In Hinduism, "jati" is said to have the following meaning:
Jati, also spelled jat, caste, in Hindu society. The term is derived from the Sanskrit jāta, “born” or “brought into existence,” and indicates a form of existence determined by birth. In Indian philosophy, jati (genus) describes any group of things that have generic characteristics in common. Sociologically, jati has come to be used universally to indicate a caste group among Hindus.
Jāti (in Devanagari: जाति, Bengali: জাতি, Telugu:జాతి, Kannada:ಜಾತಿ, Malayalam: ജാതി, Tamil:ஜாதி, literally "birth") is a group of clans, tribes, communities, and sub-communities, and religions in India. Each Jāti typically has an association with a traditional job function or tribe. Religious beliefs (e.g. Sri Vaishnavism or Veera Shaivism) or linguistic groupings may define some Jātis.
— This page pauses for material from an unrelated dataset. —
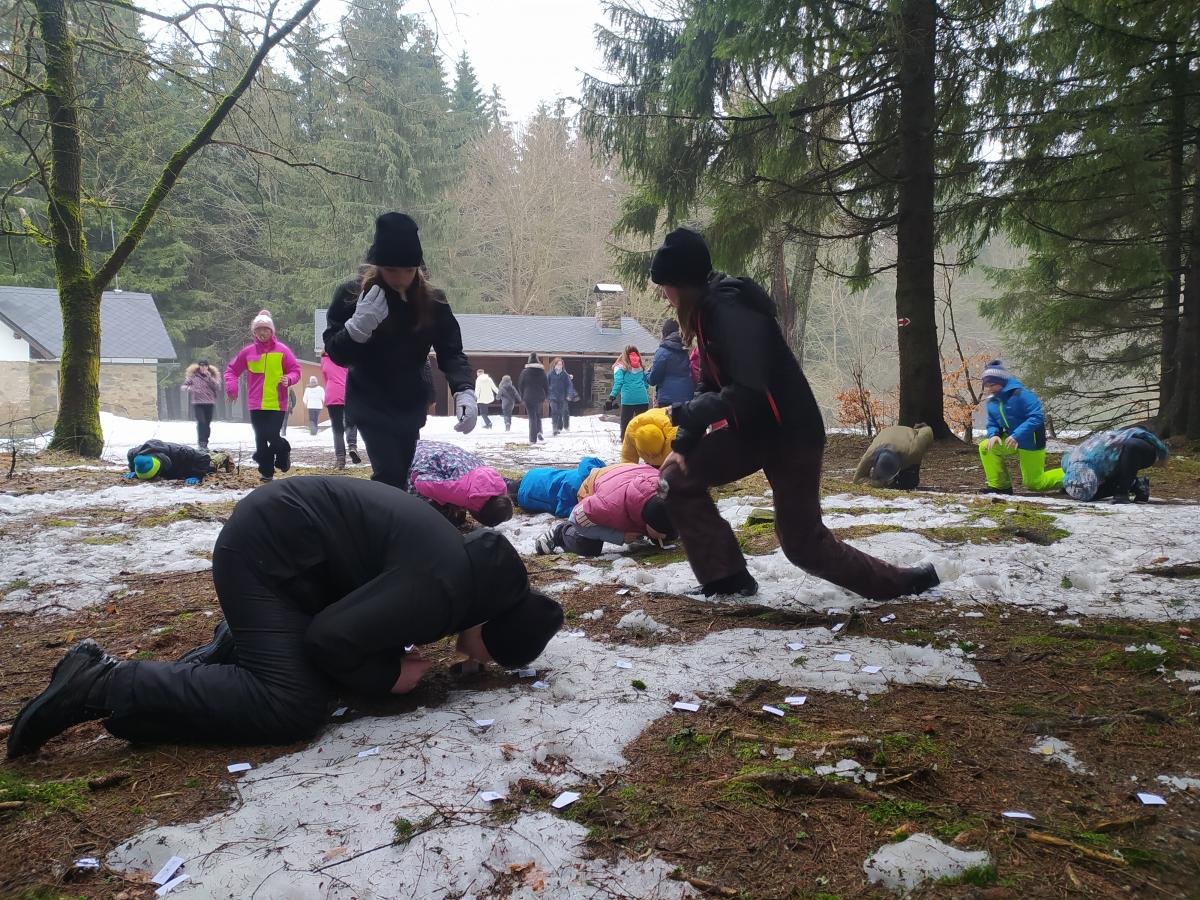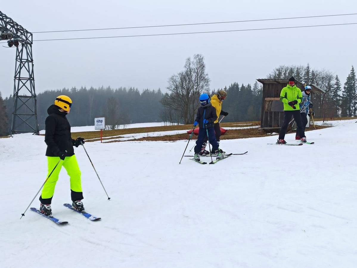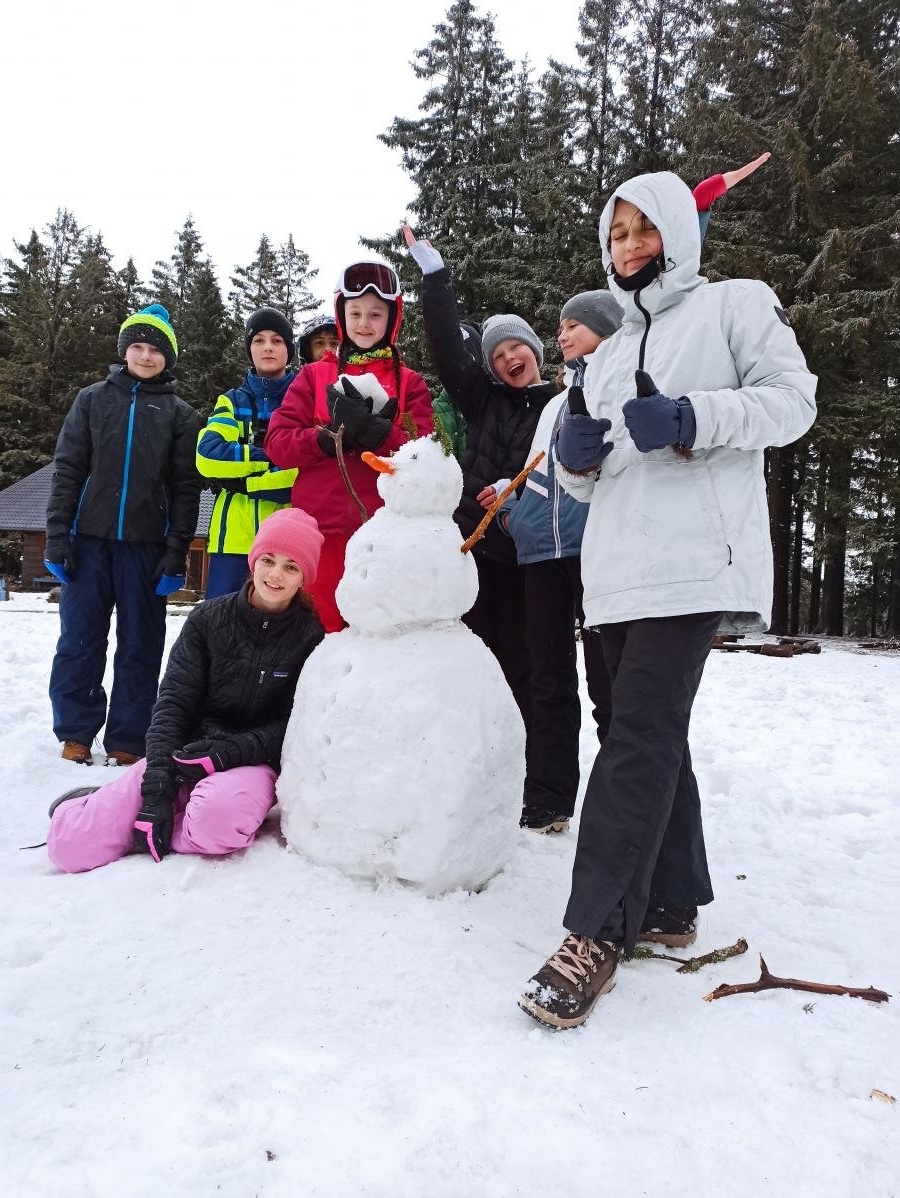 Lyžařský kurz se se jako vždy konal na „naší“ Severomoravské chatě. Bohužel nám špatné počasí nedovolovalo využít sjezdovku přímo u chaty, tak jsme hráli hry v blízkém okolí a za sněhem dojížděli na Větrný vrch v Dolní Moravě. Cesta za sněhem nebyla jednoduchá, děti musely jít 2 km po sjezdovce dolů, pak nasednout na autobus a přejet k lyžařskému vleku. Takový den nám odstartoval již 6:30. LVVZ proběhl v přátelské atmosféře a žáci se naučili bezpečně sjíždět sjezdovku. Děti zvládly oblouky na obě strany. Děti obě hlavní sportovní aktivity (lyžování i snowboarding) velice bavily, a i přes náročnější podmínky byl problém je dostat „domů“ ze svahu. Pro žáky byl připraven i celotýdenní program plný her, tance, zábavy, legrace, přednášek, soutěží se slavnostním zakončením a vyhlášením vítězů. Počasí nám dovolilo udělat předposlední večer celý program venku - stezku odvahy a opékání špekáčků.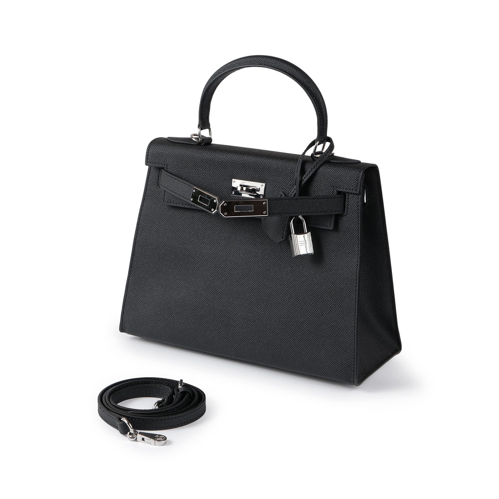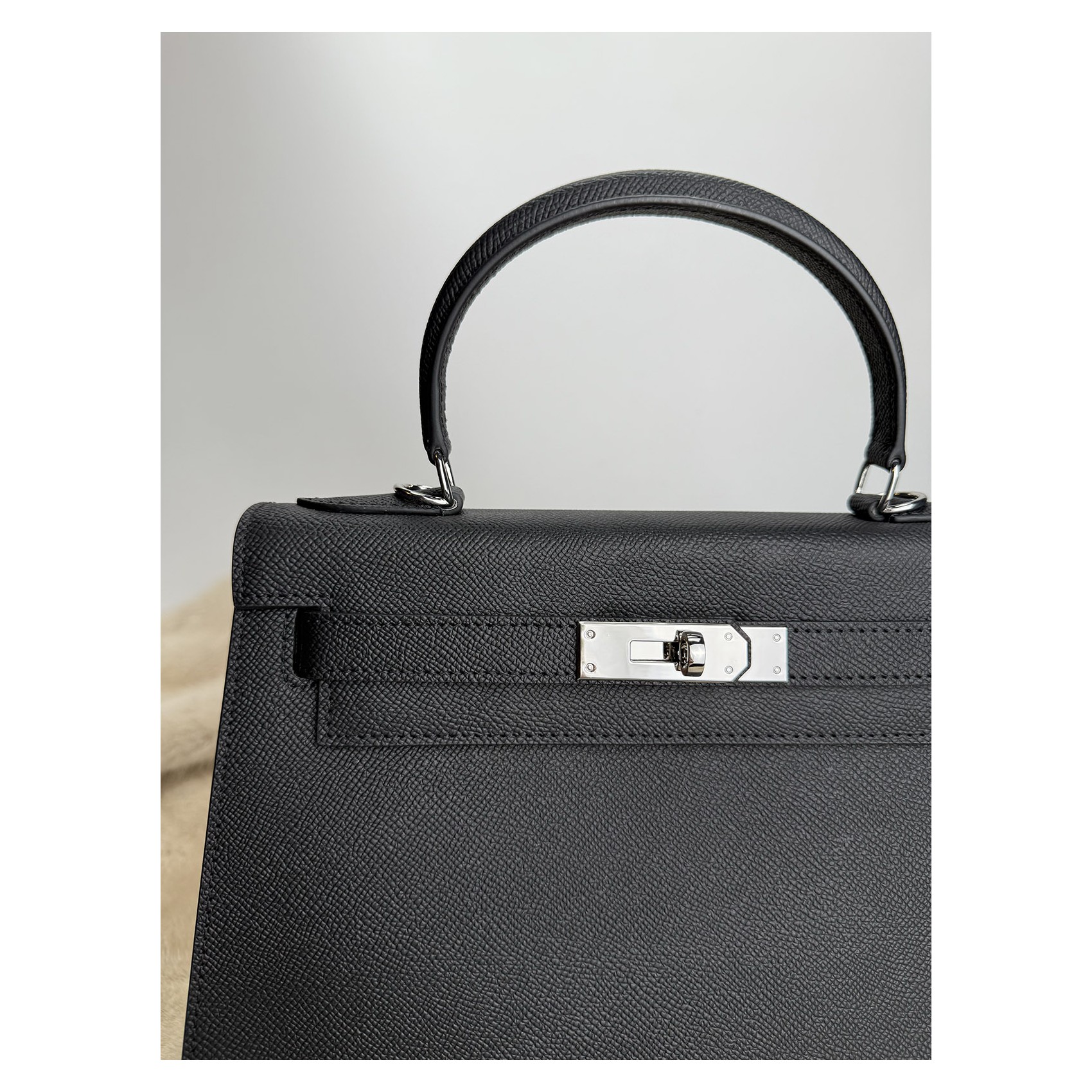Жіноча сумка Kelly чорного кольору виготовлена з натуральної шкіри з гладкою текстурою та відзначається якісним оздобленням. Елегантна модель доповнена срібною фурнітурою, включаючи декоративний замок, який надійно фіксує клапан. Компактні розміри дозволяють зручно розмістити повсякденні речі, а внутрішні кишені забезпечують комфортну організацію зберігання, зокрема потаємну кишеню на блискавці для документів і дрібниць. Сумка оснащена знімним ремінцем, що робить її універсальною: її можна носити в руці або на плечі. Цей аксесуар гармонійно доповнить як діловий, так і повсякденний образ, підкреслюючи смак і стиль власниці.

A person's surname typically reflects a community (Jāti) association: thus Gandhi = perfume seller, Dhobi = washerman, Srivastava = military scribe, etc
A few years ago, I read a blog on the internet by an Indian scholar about "varna" & "jati"; in which the scholar said the origins of the word "jati" were not clear. I commented on the blog "jati" is contained extensively in the Buddhist Pali suttas but the scholar did not reply to me. I currently am unable to locate this blog.
My question is: "Is the word &/or notion of "jāti" found in the Vedas, which pre-date the Buddha?"